2008-23 Ghost Tresses (Special Mission Project/Akira Revisited)

A part of the Violent Bear It Away exhibition at Simon Preston Gallery (2009). A satirical self-portrait of myself as a Murakami Anime figure/sculpture, bodiless on the ground, cast in resin and soot. I was interested in using material that was post-fire material and have used dust, bone ash, and other remains in order to re-constitute identity in the past. The hyper-stylized hair is cast out of soot from a burn-out, the shape of the tresses are emergency flames, and the faceless, beat-down wig complicates the male gaze.

"Special Mission Project/Akira revisited furthers Lopez’ practice of manifesting subversive, sexualized forms,however now Lopez reveals her critique of Takashi Murakami’s Superflat culture. In Superflat, distinctions of High and Low are compressed in an airtight register. Unlike Murakami’s drive towards the exotification and commodification of the female body, Lopez adopts an opaque, feminist approach. The wig serves as a self-portrait, complicating the male gaze of Murakami’s Superflat legacy. If this 'wig' is to be read as an autobiography, Lopez has staged her own death. In many ways Murakami’s artwork titled Special Mission Project ko2 formally objectifies the female body: a cyborg woman pulls a ripcord on her back and, in a three-stage process, transforms into a plane. The subject’s breasts and genitals are on full display, slowly expanding and taking center stage in the transformation. On the contrary, Lopez stares back,assuming an approach dictated by lack. The underside of the crashed wig reveals a labial form; a metaphorical black hole; a silhouette of absence and negation. Lopez puts forth the Anti-Special Mission Project ko2 or rather its counter. Here, Lopez presents a hybrid sculpture that compresses science fiction with altered realities: the viewer is presented an alternate manifestation of Akira, a Neo-Neo-Tokyo in the next chapter of the Superflat era."

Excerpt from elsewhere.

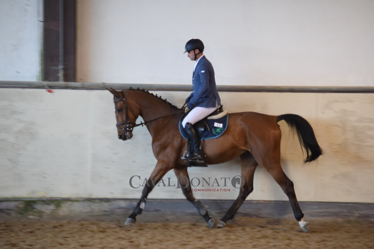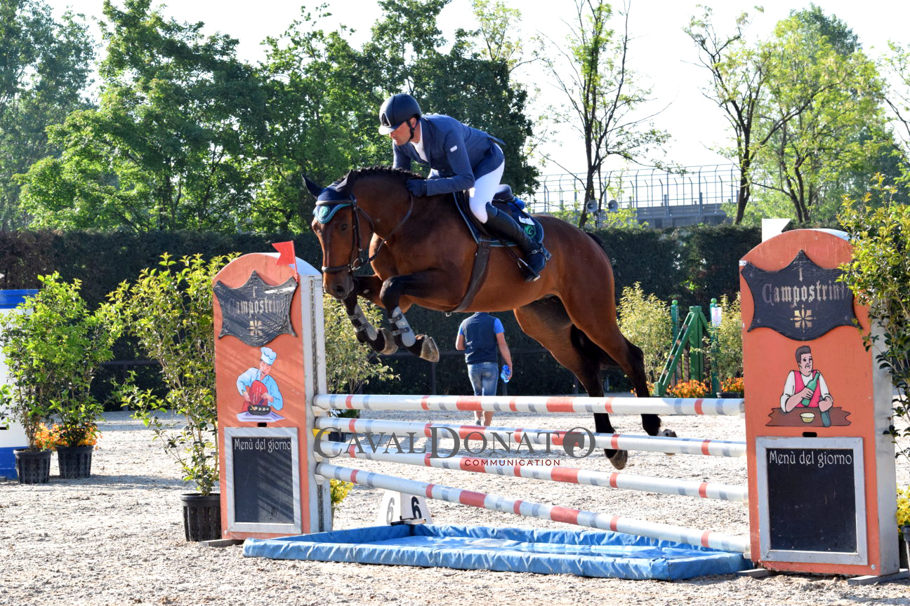 Tre i puledri nati nel 2012 con cui Marco Capaldini (per conto dell’Allevamento Petrognano) si è misurato in questa seconda Tappa Top nelle categorie a giudizio riservate ai 4 anni (h: 1mt, come previsto dal regolamento delle tappe del 1° periodo) nelle giornate di sabato 7 e domenica 8 maggio (circa una quarantina i binomi partecipanti in queste categorie). Ricordiamo che il sistema di valutazione a giudizio, differentemente da quello a penalità, esprime una valutazione complessiva sulla preparazione del giovane cavallo tramite l’espressione di un voto finale sul salto e sulle sue potenzialità (status, qualità andature/movimenti, svolgimento, tecnica, agilità e forza). Percorsi netti per Capaldini entrambi i giorni in sella all’Hannover Lindt (da Lincolm L x Contendro x Acord II), riportando il punteggio di 84,25 il primo giorno, 88,5 il secondo; per questo puledro arriva dunque la qualifica utile per procedere nel percorso di Crescita Tecnica 2016, in vista della finale.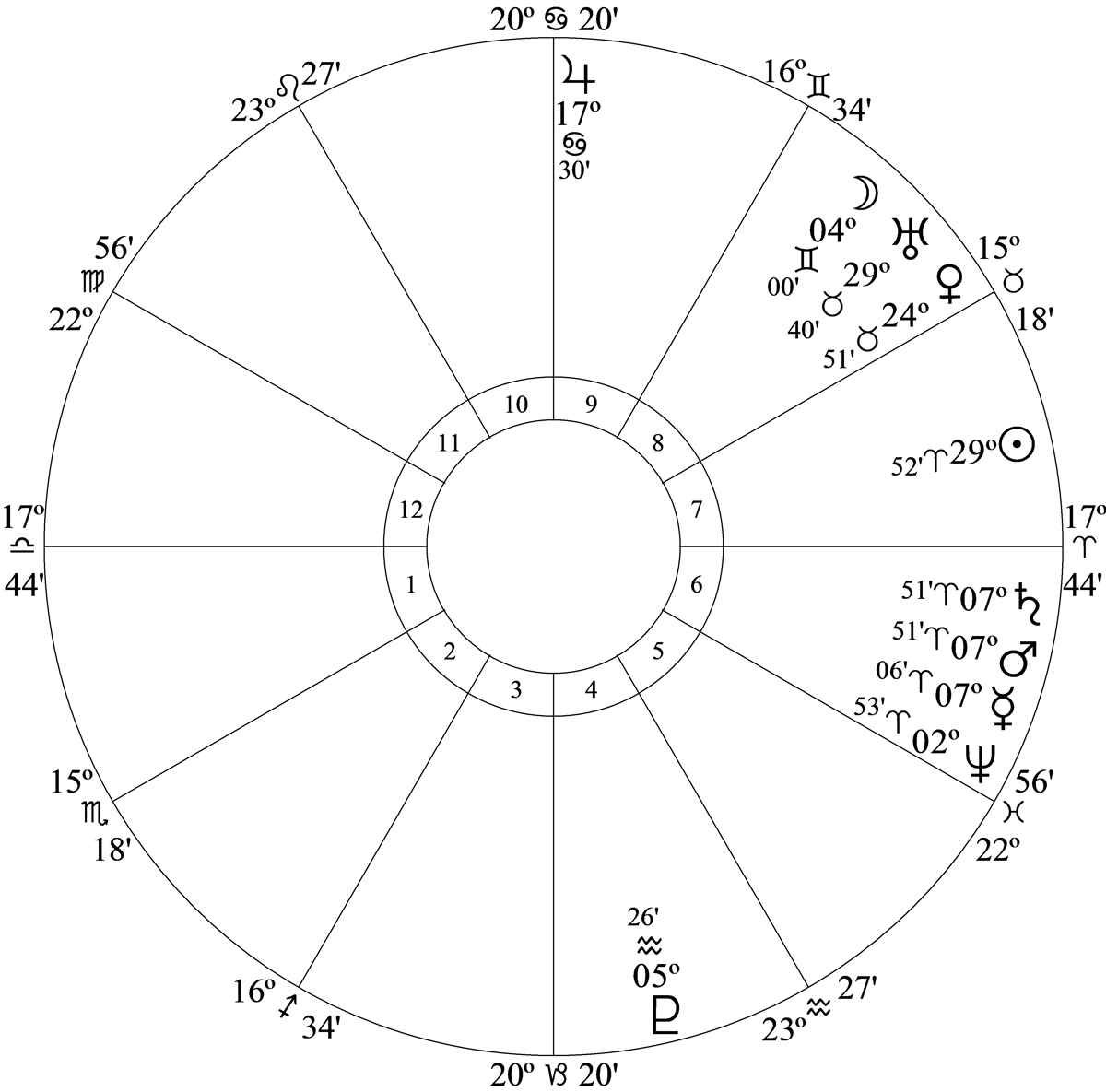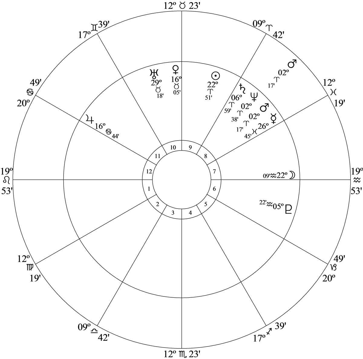 Chart data is July 4, 1776 at 12.14am LMT, Philadelphia (74W08, 39N57)

Jeffrey Uslip, Simon Preston Gallery, 2009, excerpt from essay for The Violent Bear It Away solo exhibition.

In the series GHOST, Lopez further explores evacuations of form modeled from her own hair and other stylized Asian tresses (adapted from an earlier body of work, Akira Revisited). These deflective, mirrored scalps disavow the gaze and the politics of identity—a refusal, and concurrent reiteration of, the violence of disembodiment. Strands of hair, like thick locks of steel rope, crystallize to refute their place within the pantheon of fetishism.